Major markets consolidate gains while focus shifts towards China
All of the major markets held on to their gains last week, with most actually recording further improvements.
There was also good news for the UK, with figures released confirming that the labour market has continued to perform well. Unemployment is still falling, with 31.12 million people in work, 140,000 more than the March to May quarter of 2015, and 359,000 more than a year earlier. In fact, unemployment has not been lower since early 2008.
Given the absence of inflation, for the time being, the growth in earnings can be channelled to higher living standards, allowing consumption to support the economy in coming quarters. It appears that the supply side of the economy has some room for growth too - at least for now.

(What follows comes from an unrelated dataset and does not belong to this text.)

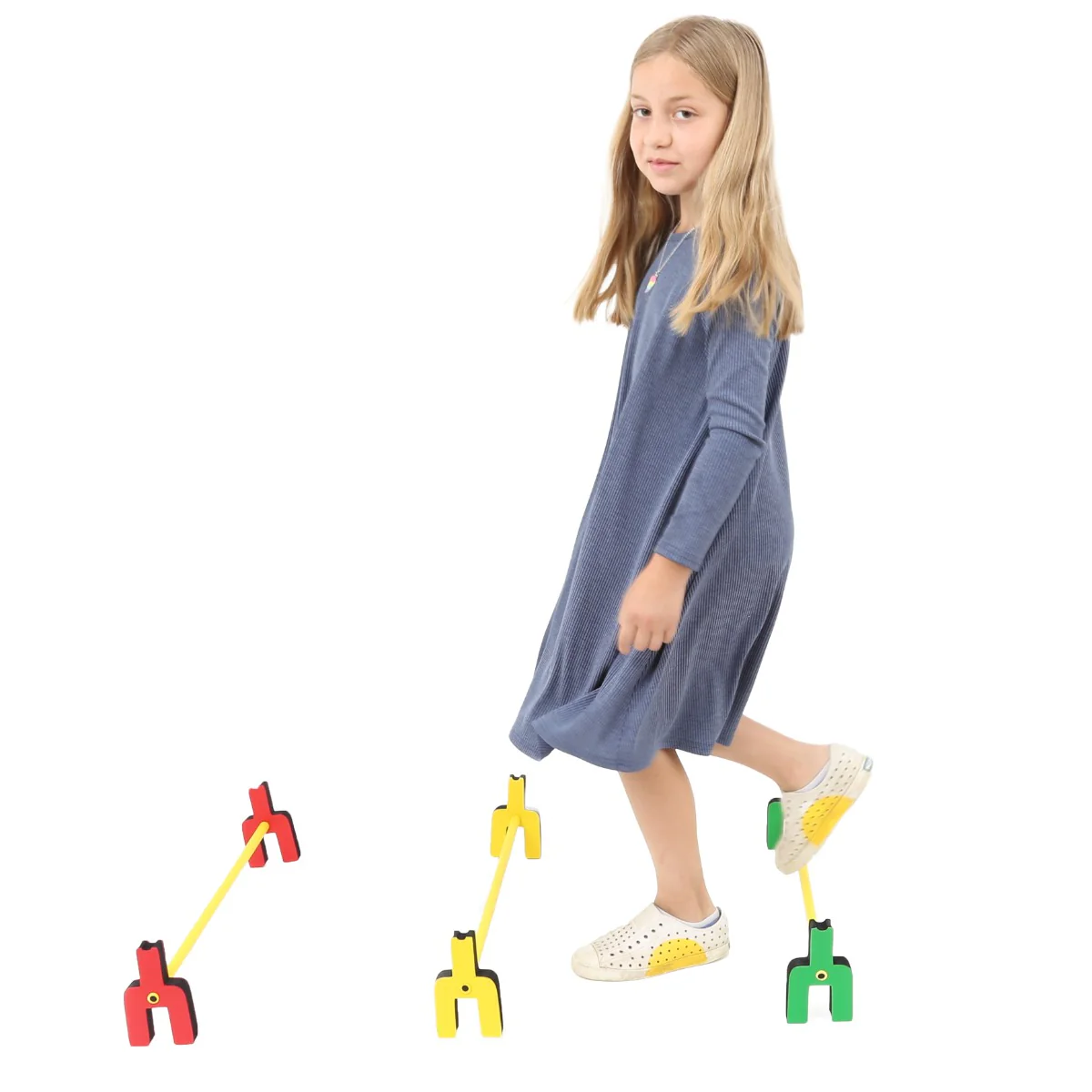 Watch your child overcome hurdles, while having fun! Adjustable and stackable foam hurdles are a versatile tool for gross motor activities. Practice stepping, jumping, hopping and more. Place a rod between two stands to create a low hurdle or add a second rod to the grooves on top to make the hurdle a bit higher. You can even stack the hurdles for a real challenge! Easy to adapt for kids of different ages and abilities. Worried about kids tripping? Rods are made of rubber for a gentler impact. Use during physical education classes or to help develop gross motor skills during physical therapy sessions.

For those UK companies, that are linked to the economic strength of the UK, this is positive for earnings growth and should support their share prices. However, investors need to think carefully, about how to target their exposure within the UK equity market, given the impact of international and commodity-related exposure on relative performance in recent years.
After the employment news, sterling rose slightly against the US dollar, as traders focused on the support provided by wage growth and lower unemployment, for higher UK interest rates from the Bank of England. Further evidence of wage growth and domestic inflation will certainly bolster that case, but many factors need to fall into line for the Bank to raise interest rates.

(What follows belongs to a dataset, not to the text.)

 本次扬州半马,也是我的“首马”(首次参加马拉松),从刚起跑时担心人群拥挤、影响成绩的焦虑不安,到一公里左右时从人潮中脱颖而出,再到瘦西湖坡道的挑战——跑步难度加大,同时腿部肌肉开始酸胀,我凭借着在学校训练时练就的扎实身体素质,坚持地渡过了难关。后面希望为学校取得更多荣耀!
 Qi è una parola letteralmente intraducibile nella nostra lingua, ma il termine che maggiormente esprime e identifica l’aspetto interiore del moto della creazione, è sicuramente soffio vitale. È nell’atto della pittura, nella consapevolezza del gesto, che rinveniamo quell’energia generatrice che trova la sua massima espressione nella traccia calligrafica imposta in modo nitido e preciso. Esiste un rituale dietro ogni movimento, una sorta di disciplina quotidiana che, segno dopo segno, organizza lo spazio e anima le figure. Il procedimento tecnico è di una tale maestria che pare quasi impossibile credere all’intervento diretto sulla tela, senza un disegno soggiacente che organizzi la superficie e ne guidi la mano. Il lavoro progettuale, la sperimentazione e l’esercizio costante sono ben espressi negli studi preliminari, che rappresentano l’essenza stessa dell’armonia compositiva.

Economic growth is needed to support equity prices and the key question still facing global markets is where this growth will come from.
The global manufacturing slowdown, which has been led by China, has spread to the US and the next few weeks are likely to be more challenging for markets as a result. We should expect continued volatility. The focus will once again shift to China and no doubt the world economic environment will feature in discussions during the visit of President Xi of China to the UK this week.
China released a range of data yesterday morning, with no obvious signs of a collapse in its economy. At 6.9%, growth came in slightly ahead of expectations, but industrial production disappointed, falling to 5.7% year on year, against consensus expectations of 6%.
Fixed asset investment also fell, more than expected, to 10.3%. However, as China seeks to develop stronger domestic demand, it was positive that retail sales showed an increase of 10.9% in September, up from 10.8% and higher than analysts' expectations. Continued improvement in domestic living standards will be needed to support political stability.
China is managing to continue to create jobs and provide growth in the service sector to compensate for weaker investment growth and industrial activity. Although the rate of growth has slowed to below the Chinese government's target, Chancellor of the Exchequer George Osborne is unlikely to be the only suitor at the Chinese door.
Many countries are now pinning their hopes on stronger links with what is now a global economic power, so as to benefit from growing Chinese consumer demand.